Hat man nur das Freiland, sollte man auf resistente und robuste Sorten zurückgreifen. Wenn man nur einen Balkon hat, eignen sich Buschtomaten oder kleine Kirschtomaten gut. Die kleinen Pflanzen ergeben oft eine enorme Ernte. Wohnt man in kühleren Regionen sollte man auf frühe Sorten zurückgreifen.

Hat man genug Platz, kann man sich entscheiden zwischen Buschtomaten, sie wachsen begrenzt und der Trieb schließ mit Blüten ab, oder Stabtomaten, die wachsen unbegrenzt bis sie nicht mehr können.

Tomaten werden in verschieden Gruppen eingeteilt:

Fleischtomaten, sehr saftig, süß, aromatisch und zwischen 200 und 1500g schwer.
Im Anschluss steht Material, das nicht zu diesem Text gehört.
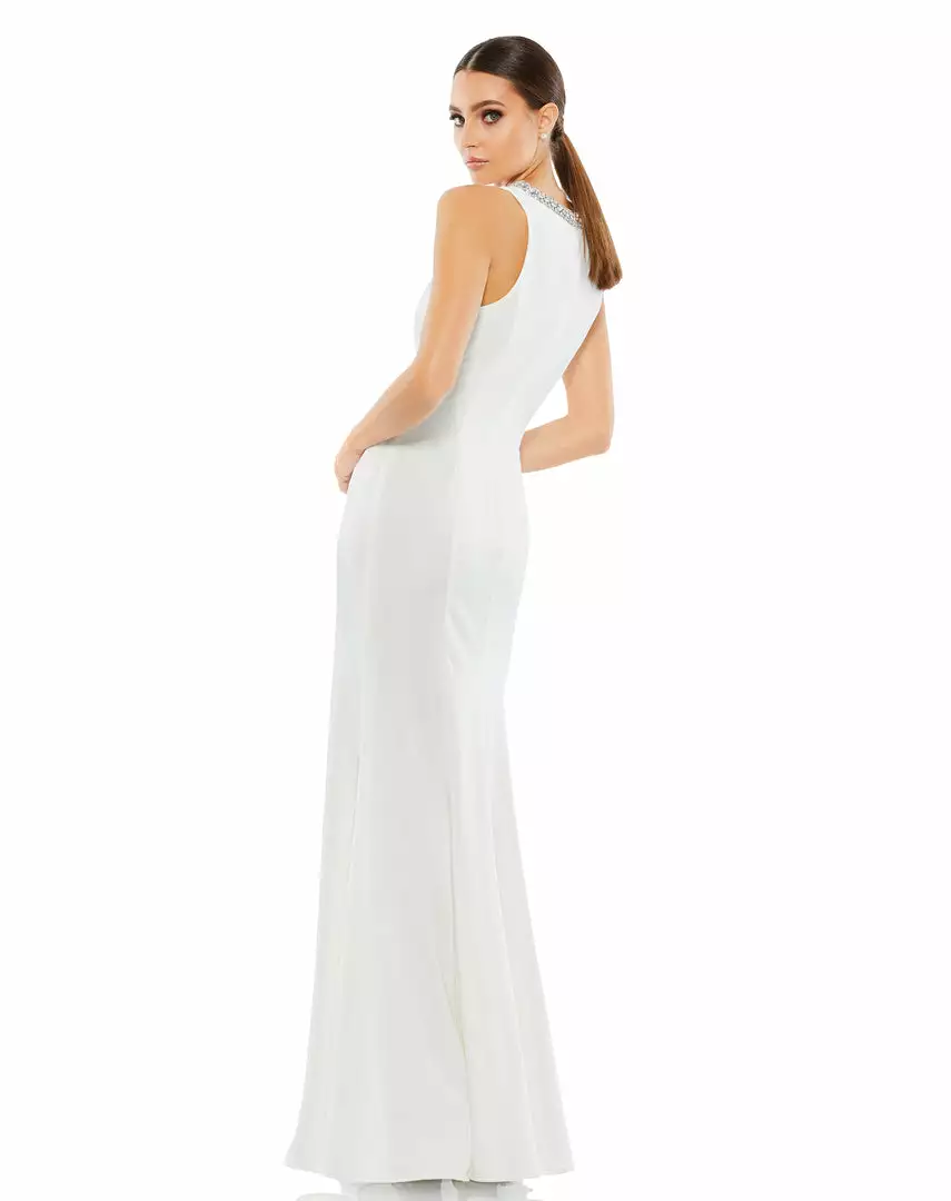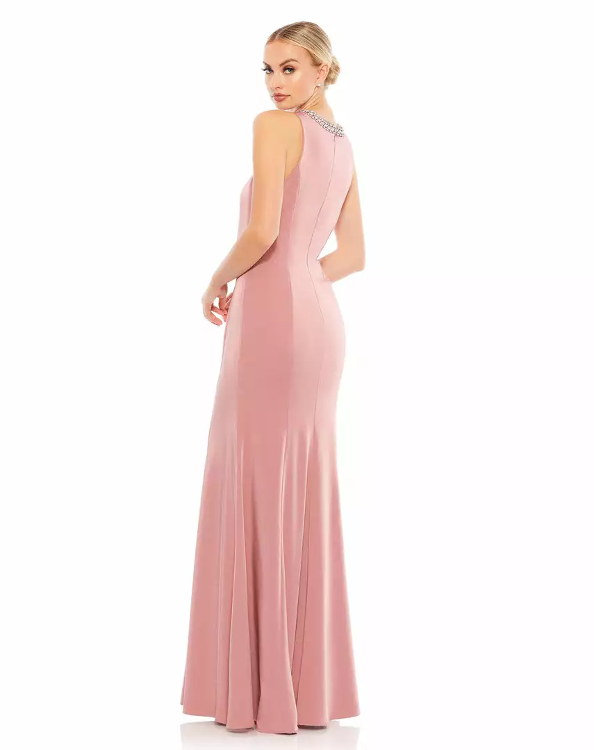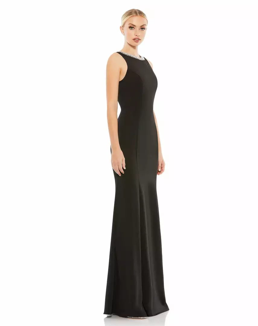 This dreamy satin gown is both classic and elegant. This floor-length, form-fitting trumpet gown is fitted through the bodice and waist and features a flared trumpet skirt. The neckline is encrusted with rhinestones for extra sparkle.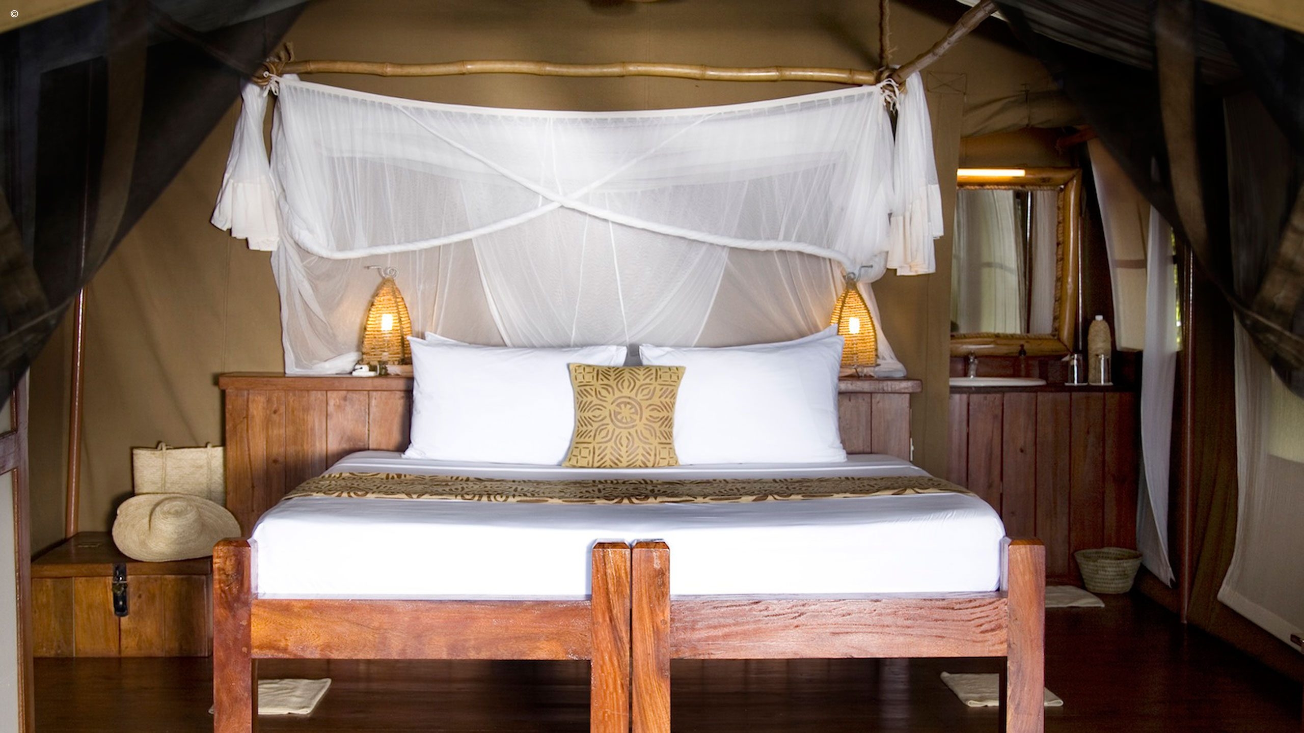 Its accommodation hugs the shoreline in the form of 18 traditional Makuti thatch tented rooms, and each comes with: either double or twin beds, hot en suite showers, ceiling fans and are all moments away from the sparkling Indian Ocean.
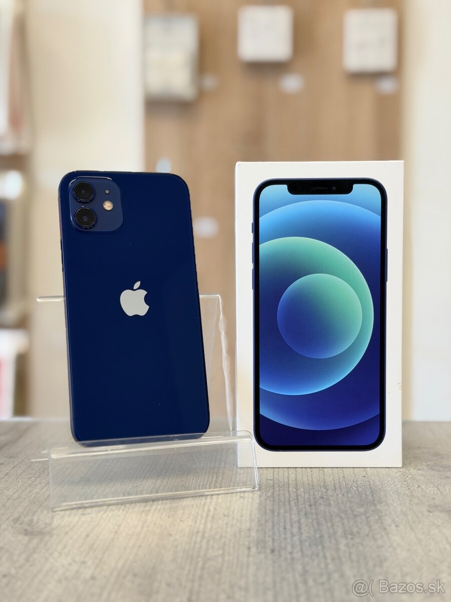 Predám Apple iPhone 12 s 64GB úložiskom v modrom farebnom prevedení. Telefón je v maximálne zachovalom stave, používaný výhradne v ochrannom kryte a s nalepeným ochranným sklom na displeji. Je v ňom úplne nová batéria, zdravie 100%.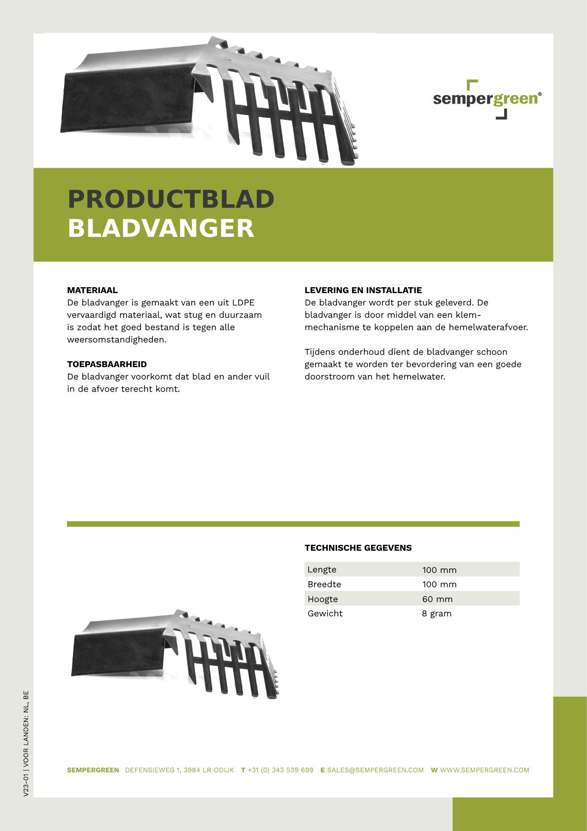 Tijdens onderhoud dient de bladvanger schoon gemaakt te worden ter bevordering van een goede doorstroom van het hemelwater.

Sie halten bei der Verarbeitung gut ihre Konsistenz.
Rundtomaten, zwischen 50 und 200g schwer. Meist saftiger als fest. Leicht säuerlich.
Ochsenherztomaten, fast herzförmig, bis 1000g, festfleischig, gutes Aroma.
Kirschtomaten, klein, 10-50g schwer, sehr ertragreich, saftig, sehr aromatisch.
Flaschentomaten, oft festfleischig, gut für Soßen und als Brotbelag, hinken im Aroma etwas den anderen Sorten hinterher, zwischen 100 und 300g schwer.

Frühe Sorten, maximal 70 Tage nach dem Auspflanzen kann mit der Ernte beginnen. Frühe Sorten haben oft noch nicht das beste Aroma. Dafür sind sie vor der gefürchteten Krautfäule oft sicher.
Mittelfrühe Sorten, maximal 80 Tage nach der Auspflanzung hat man die ersten reifen Früchte. Die Ernte geht bei guten Umständen bis in den Herbst hinein. Sind aber auch anfälliger, wenn das Klima nicht stimmt.
Späte Sorten, 85-90 Tage nach dem Auspflanzen, meist Mitte August kann mit der Ernte von reifen, voll aromatischen Früchten begonnen werden. Späte Sorten können aber auch schnell von Krankheiten heimgesucht werden. Wird es schon etwas kühler und sie sind unbeschadet durch die Saison gekommen, wird eine Erkrankung seltener und man kann oft bis in den November ernten. Leider leidet dann doch das Aroma.